* What the task requires
Lower down are entries containing pictures. Copy exactly, without those pictures, the lines from the line with "- PERFECT WINTER" through the line with "1. Navigate to".

* Data to use
----------
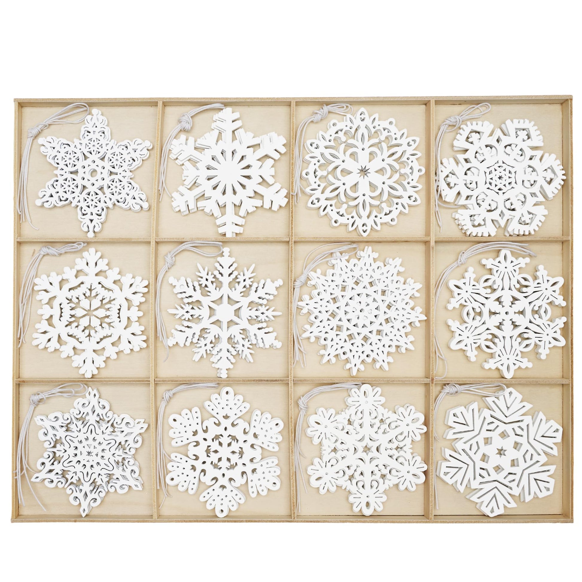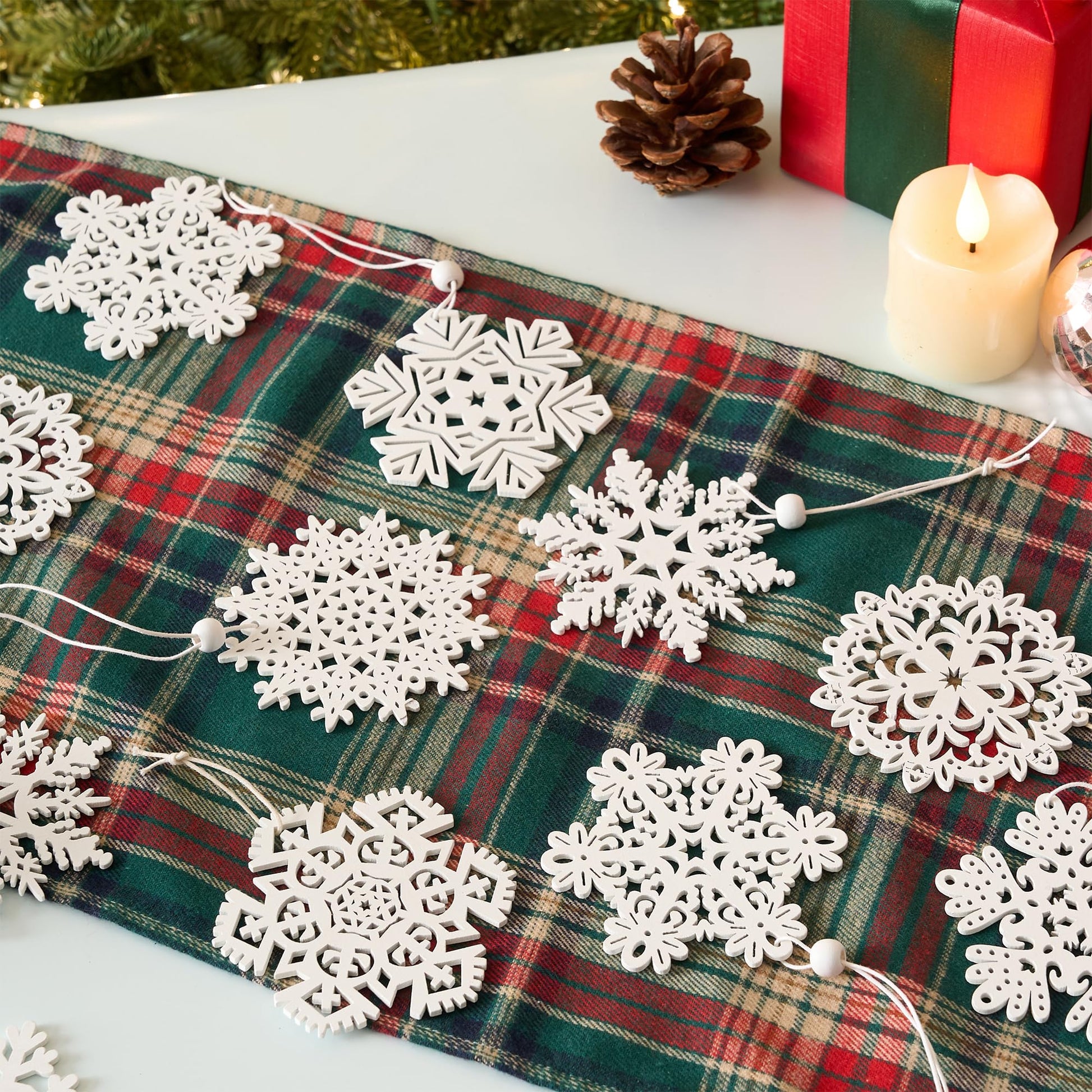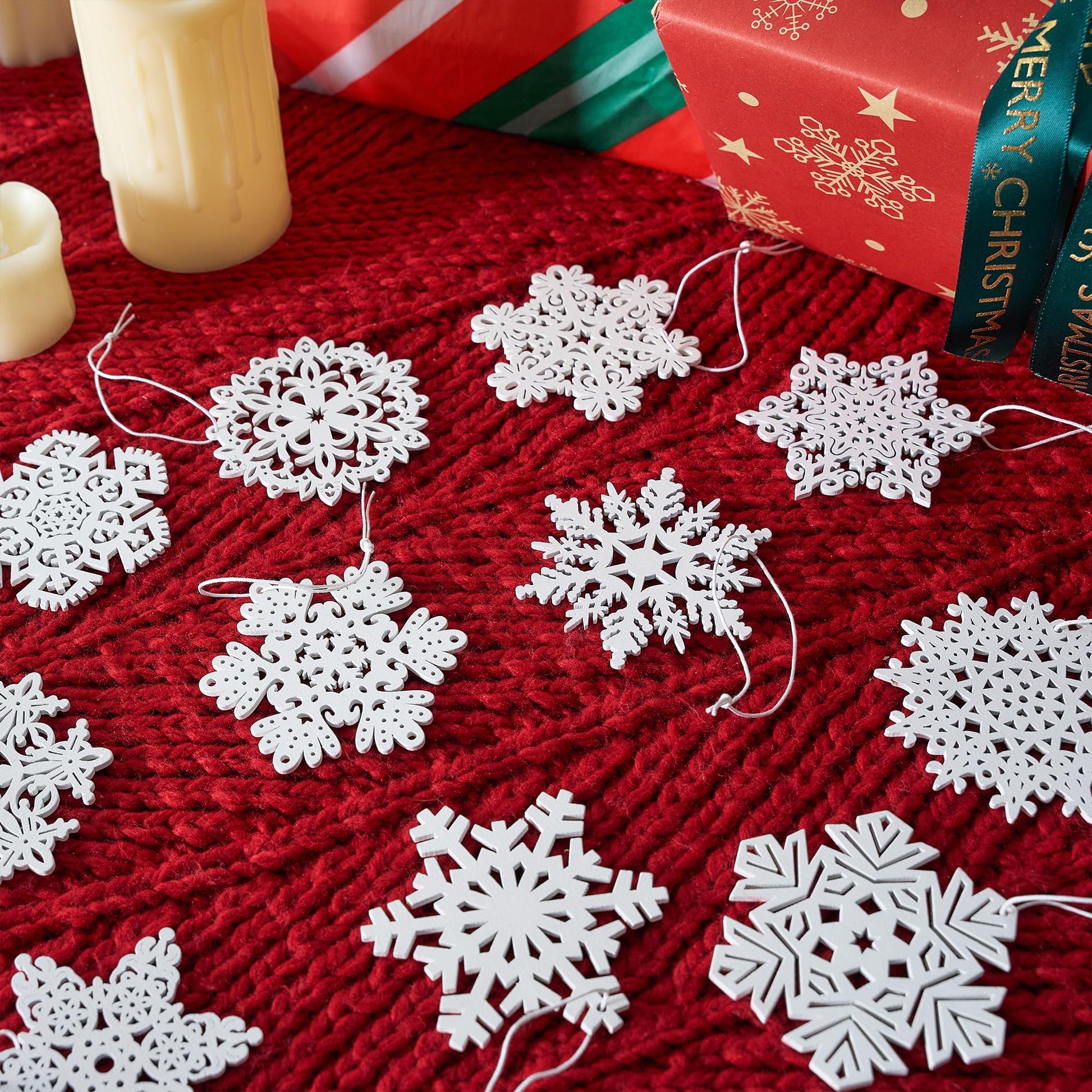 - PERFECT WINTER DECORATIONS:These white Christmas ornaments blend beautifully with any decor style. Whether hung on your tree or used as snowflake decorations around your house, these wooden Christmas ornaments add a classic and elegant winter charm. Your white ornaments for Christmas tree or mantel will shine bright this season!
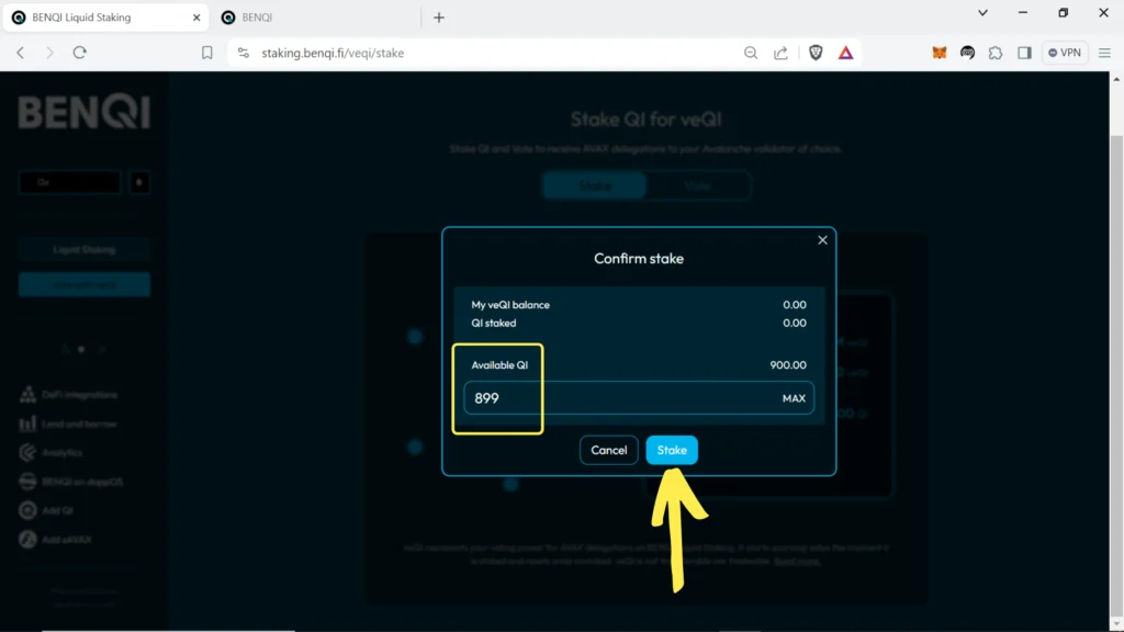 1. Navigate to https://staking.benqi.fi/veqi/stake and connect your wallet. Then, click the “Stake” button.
----------
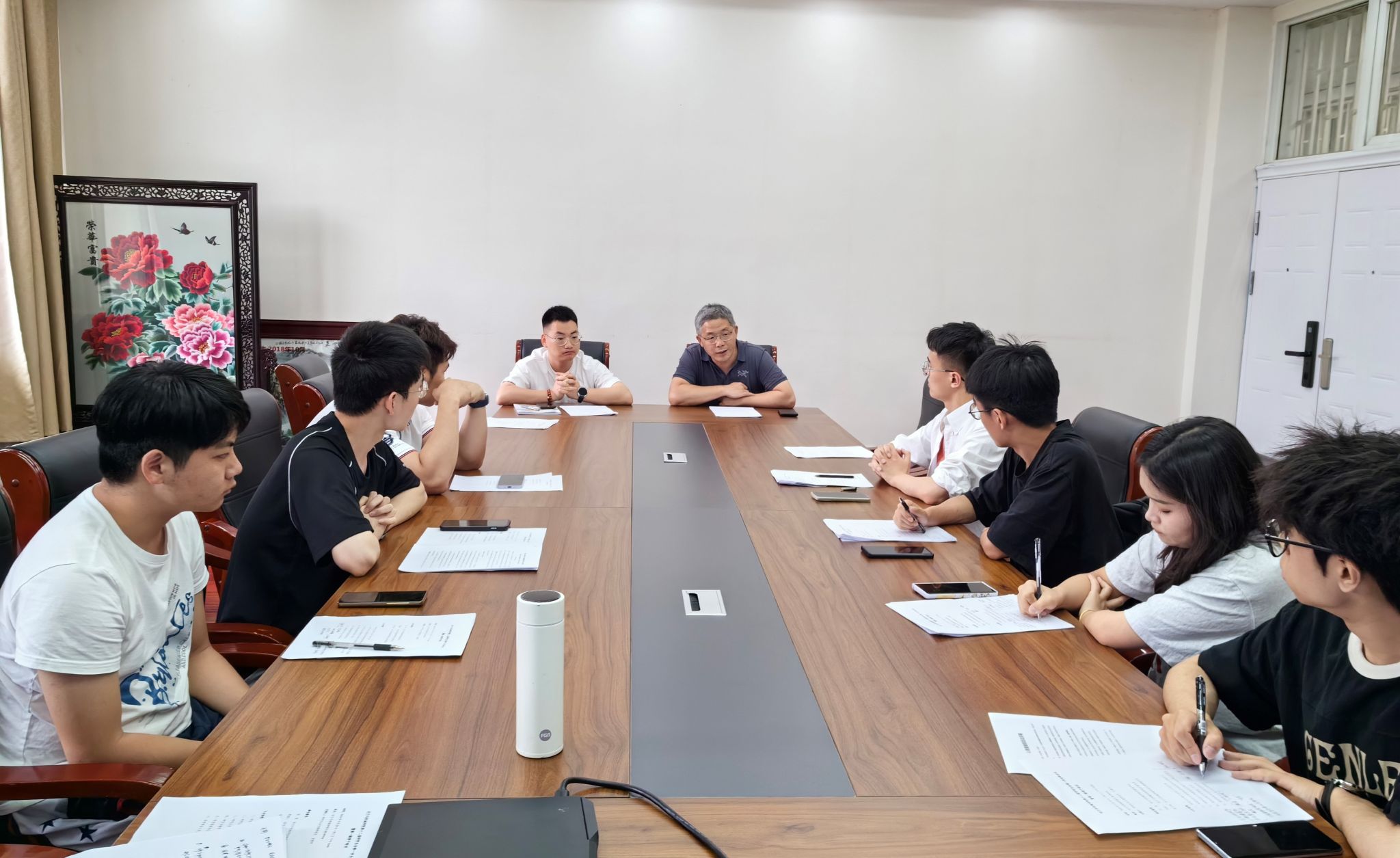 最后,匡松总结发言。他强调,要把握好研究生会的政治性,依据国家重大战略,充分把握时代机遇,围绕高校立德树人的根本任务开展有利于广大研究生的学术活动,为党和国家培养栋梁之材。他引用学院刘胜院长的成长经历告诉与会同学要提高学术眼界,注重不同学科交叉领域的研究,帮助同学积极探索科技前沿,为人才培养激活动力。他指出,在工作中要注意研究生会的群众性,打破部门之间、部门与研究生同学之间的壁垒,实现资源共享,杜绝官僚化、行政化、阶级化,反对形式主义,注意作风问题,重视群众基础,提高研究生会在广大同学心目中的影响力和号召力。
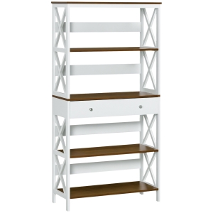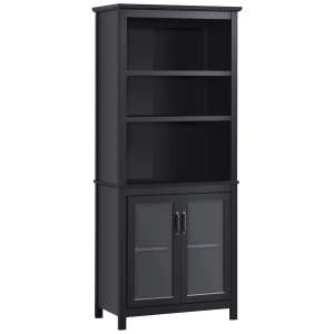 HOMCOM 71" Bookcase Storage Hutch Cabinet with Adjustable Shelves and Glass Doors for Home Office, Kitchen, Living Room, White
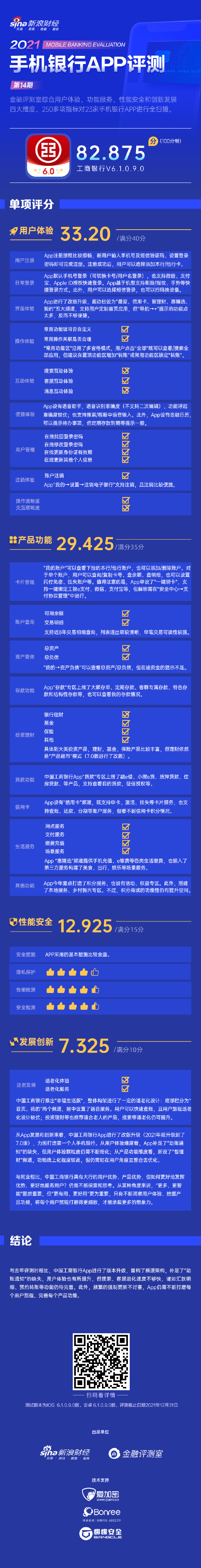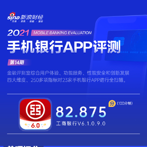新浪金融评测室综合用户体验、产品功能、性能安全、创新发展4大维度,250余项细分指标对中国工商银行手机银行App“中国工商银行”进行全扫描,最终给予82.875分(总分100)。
----------
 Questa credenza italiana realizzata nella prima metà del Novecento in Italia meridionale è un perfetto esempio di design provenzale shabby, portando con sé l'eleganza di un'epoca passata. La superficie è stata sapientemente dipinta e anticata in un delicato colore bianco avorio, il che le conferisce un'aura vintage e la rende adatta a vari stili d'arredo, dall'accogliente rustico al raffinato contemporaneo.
----------
* Task answer
 - PERFECT WINTER DECORATIONS:These white Christmas ornaments blend beautifully with any decor style. Whether hung on your tree or used as snowflake decorations around your house, these wooden Christmas ornaments add a classic and elegant winter charm. Your white ornaments for Christmas tree or mantel will shine bright this season!
 1. Navigate to https://staking.benqi.fi/veqi/stake and connect your wallet. Then, click the “Stake” button.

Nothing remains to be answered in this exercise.